Node Self-Healing
Function Introduction
After the user turns on the cluster, the user does not need to care about the node status during operation, and the self-healing module will automatically try to repair the node when it is abnormally down or other situations.
Start Self-Healing
After cluster initialization, the self-healing module is off by default, and the doctor is started manually in adbmgr.
postgres=# start doctor;
mgr_doctor_start
------------------
t
(1 row)
Thelist doctor command allows you to view.
postgres=# list doctor;
type | subtype | key | value | comment
-----------+-----------------+----------------+-------+--------------------------------------------------------------------------------------------------------------
PARAMETER | -- | enable | 1 | 0:false, 1:true. If true, doctor processes will be launched, or else, doctor processes exit.
PARAMETER | -- | forceswitch | 0 | 0:false, 1:true. Whether force to switch the master/slave, note that force switch may cause data loss.

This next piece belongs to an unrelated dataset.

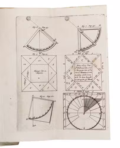 Amsterdam, Gerard Valk, [late 17th or early 18th century (ca. 1701?)]. 4to. With an engraved frontispiece, and 4 folding engraved plates. Further with a few tables in the text, some woodcut decorated initials, and a woodcut floral tailpiece. Contemporary stiff orange-brown sprinkled paper boards. [1], [1 blank], [2], 140 pp.

PARAMETER | -- | switchinterval | 30 | In seconds, The time interval for doctor retry the switching if an error occurred in the previous switching.
PARAMETER | -- | nodedeadline | 30 | In seconds. The maximum time for doctor tolerate a NODE running abnormally.
PARAMETER | -- | agentdeadline | 5 | In seconds. The maximum time for doctor tolerate a AGENT running abnormally.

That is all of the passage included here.